◆ INSTRUCTIONS FOR THE TASK
Transcribe each of the records below exactly, excluding all pictures.

[Items from a data source]

———

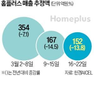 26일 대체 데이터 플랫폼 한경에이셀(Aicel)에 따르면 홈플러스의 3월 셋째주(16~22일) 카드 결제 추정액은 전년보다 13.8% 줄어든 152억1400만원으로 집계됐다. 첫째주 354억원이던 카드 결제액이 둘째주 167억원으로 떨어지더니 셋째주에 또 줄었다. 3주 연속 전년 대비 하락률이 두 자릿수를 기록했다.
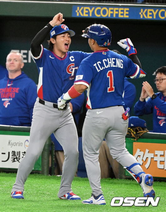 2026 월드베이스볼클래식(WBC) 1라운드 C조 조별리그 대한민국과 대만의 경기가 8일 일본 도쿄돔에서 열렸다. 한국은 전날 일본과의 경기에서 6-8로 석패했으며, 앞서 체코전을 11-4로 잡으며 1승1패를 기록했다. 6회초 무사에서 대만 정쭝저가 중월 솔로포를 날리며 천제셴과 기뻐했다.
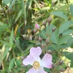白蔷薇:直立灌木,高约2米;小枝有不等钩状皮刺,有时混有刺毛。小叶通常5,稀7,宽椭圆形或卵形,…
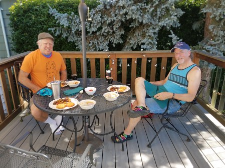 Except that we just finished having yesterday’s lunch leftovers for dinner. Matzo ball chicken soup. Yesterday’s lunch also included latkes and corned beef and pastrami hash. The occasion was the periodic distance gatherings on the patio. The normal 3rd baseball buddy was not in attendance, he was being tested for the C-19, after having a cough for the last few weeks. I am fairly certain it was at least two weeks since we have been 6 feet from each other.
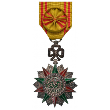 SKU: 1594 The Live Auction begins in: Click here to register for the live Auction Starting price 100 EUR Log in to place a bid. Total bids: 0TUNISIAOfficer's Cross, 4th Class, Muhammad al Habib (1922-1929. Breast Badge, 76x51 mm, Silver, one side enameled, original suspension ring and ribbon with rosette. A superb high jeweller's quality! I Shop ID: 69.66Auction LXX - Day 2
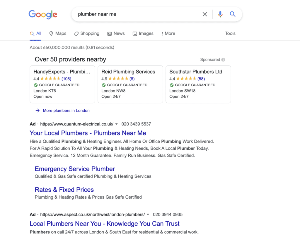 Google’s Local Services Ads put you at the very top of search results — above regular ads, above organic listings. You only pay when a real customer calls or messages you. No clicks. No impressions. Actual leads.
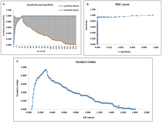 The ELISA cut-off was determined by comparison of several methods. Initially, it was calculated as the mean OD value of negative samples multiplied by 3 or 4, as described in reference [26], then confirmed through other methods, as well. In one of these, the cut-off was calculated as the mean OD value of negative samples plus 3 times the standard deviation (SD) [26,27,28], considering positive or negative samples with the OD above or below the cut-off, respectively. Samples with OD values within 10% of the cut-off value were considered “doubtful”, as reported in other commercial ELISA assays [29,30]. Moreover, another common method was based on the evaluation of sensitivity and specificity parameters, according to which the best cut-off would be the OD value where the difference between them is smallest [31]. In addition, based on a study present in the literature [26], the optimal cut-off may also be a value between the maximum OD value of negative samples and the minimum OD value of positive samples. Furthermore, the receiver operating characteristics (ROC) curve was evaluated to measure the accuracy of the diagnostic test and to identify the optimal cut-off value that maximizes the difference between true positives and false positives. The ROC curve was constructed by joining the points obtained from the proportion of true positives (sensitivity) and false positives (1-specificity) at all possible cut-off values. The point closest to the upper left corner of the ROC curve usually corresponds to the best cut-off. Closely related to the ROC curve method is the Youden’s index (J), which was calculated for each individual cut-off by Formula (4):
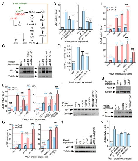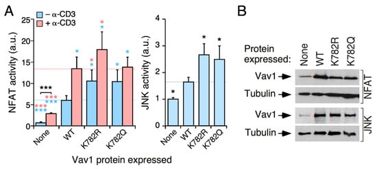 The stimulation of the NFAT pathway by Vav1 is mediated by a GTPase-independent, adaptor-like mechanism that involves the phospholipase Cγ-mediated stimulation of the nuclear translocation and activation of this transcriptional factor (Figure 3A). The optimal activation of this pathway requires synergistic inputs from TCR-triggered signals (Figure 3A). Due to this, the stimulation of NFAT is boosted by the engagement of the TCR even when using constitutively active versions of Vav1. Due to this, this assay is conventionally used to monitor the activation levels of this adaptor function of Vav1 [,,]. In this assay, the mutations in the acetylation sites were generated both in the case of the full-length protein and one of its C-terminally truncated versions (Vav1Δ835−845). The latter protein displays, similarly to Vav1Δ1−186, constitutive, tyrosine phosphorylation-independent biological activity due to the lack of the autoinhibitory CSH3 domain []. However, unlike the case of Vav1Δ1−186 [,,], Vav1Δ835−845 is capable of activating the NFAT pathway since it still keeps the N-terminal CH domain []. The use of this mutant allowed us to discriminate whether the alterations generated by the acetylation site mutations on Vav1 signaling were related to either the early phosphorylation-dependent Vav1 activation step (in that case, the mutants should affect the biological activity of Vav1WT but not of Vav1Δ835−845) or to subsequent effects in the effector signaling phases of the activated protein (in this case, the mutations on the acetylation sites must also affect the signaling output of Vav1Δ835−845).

———

◆ EXPECTED OUTPUT
 26일 대체 데이터 플랫폼 한경에이셀(Aicel)에 따르면 홈플러스의 3월 셋째주(16~22일) 카드 결제 추정액은 전년보다 13.8% 줄어든 152억1400만원으로 집계됐다. 첫째주 354억원이던 카드 결제액이 둘째주 167억원으로 떨어지더니 셋째주에 또 줄었다. 3주 연속 전년 대비 하락률이 두 자릿수를 기록했다.
 2026 월드베이스볼클래식(WBC) 1라운드 C조 조별리그 대한민국과 대만의 경기가 8일 일본 도쿄돔에서 열렸다. 한국은 전날 일본과의 경기에서 6-8로 석패했으며, 앞서 체코전을 11-4로 잡으며 1승1패를 기록했다. 6회초 무사에서 대만 정쭝저가 중월 솔로포를 날리며 천제셴과 기뻐했다.
白蔷薇:直立灌木,高约2米;小枝有不等钩状皮刺,有时混有刺毛。小叶通常5,稀7,宽椭圆形或卵形,…
 Except that we just finished having yesterday’s lunch leftovers for dinner. Matzo ball chicken soup. Yesterday’s lunch also included latkes and corned beef and pastrami hash. The occasion was the periodic distance gatherings on the patio. The normal 3rd baseball buddy was not in attendance, he was being tested for the C-19, after having a cough for the last few weeks. I am fairly certain it was at least two weeks since we have been 6 feet from each other.
 SKU: 1594 The Live Auction begins in: Click here to register for the live Auction Starting price 100 EUR Log in to place a bid. Total bids: 0TUNISIAOfficer's Cross, 4th Class, Muhammad al Habib (1922-1929. Breast Badge, 76x51 mm, Silver, one side enameled, original suspension ring and ribbon with rosette. A superb high jeweller's quality! I Shop ID: 69.66Auction LXX - Day 2
 Google’s Local Services Ads put you at the very top of search results — above regular ads, above organic listings. You only pay when a real customer calls or messages you. No clicks. No impressions. Actual leads.
 The ELISA cut-off was determined by comparison of several methods. Initially, it was calculated as the mean OD value of negative samples multiplied by 3 or 4, as described in reference [26], then confirmed through other methods, as well. In one of these, the cut-off was calculated as the mean OD value of negative samples plus 3 times the standard deviation (SD) [26,27,28], considering positive or negative samples with the OD above or below the cut-off, respectively. Samples with OD values within 10% of the cut-off value were considered “doubtful”, as reported in other commercial ELISA assays [29,30]. Moreover, another common method was based on the evaluation of sensitivity and specificity parameters, according to which the best cut-off would be the OD value where the difference between them is smallest [31]. In addition, based on a study present in the literature [26], the optimal cut-off may also be a value between the maximum OD value of negative samples and the minimum OD value of positive samples. Furthermore, the receiver operating characteristics (ROC) curve was evaluated to measure the accuracy of the diagnostic test and to identify the optimal cut-off value that maximizes the difference between true positives and false positives. The ROC curve was constructed by joining the points obtained from the proportion of true positives (sensitivity) and false positives (1-specificity) at all possible cut-off values. The point closest to the upper left corner of the ROC curve usually corresponds to the best cut-off. Closely related to the ROC curve method is the Youden’s index (J), which was calculated for each individual cut-off by Formula (4):
 The stimulation of the NFAT pathway by Vav1 is mediated by a GTPase-independent, adaptor-like mechanism that involves the phospholipase Cγ-mediated stimulation of the nuclear translocation and activation of this transcriptional factor (Figure 3A). The optimal activation of this pathway requires synergistic inputs from TCR-triggered signals (Figure 3A). Due to this, the stimulation of NFAT is boosted by the engagement of the TCR even when using constitutively active versions of Vav1. Due to this, this assay is conventionally used to monitor the activation levels of this adaptor function of Vav1 [,,]. In this assay, the mutations in the acetylation sites were generated both in the case of the full-length protein and one of its C-terminally truncated versions (Vav1Δ835−845). The latter protein displays, similarly to Vav1Δ1−186, constitutive, tyrosine phosphorylation-independent biological activity due to the lack of the autoinhibitory CSH3 domain []. However, unlike the case of Vav1Δ1−186 [,,], Vav1Δ835−845 is capable of activating the NFAT pathway since it still keeps the N-terminal CH domain []. The use of this mutant allowed us to discriminate whether the alterations generated by the acetylation site mutations on Vav1 signaling were related to either the early phosphorylation-dependent Vav1 activation step (in that case, the mutants should affect the biological activity of Vav1WT but not of Vav1Δ835−845) or to subsequent effects in the effector signaling phases of the activated protein (in this case, the mutations on the acetylation sites must also affect the signaling output of Vav1Δ835−845).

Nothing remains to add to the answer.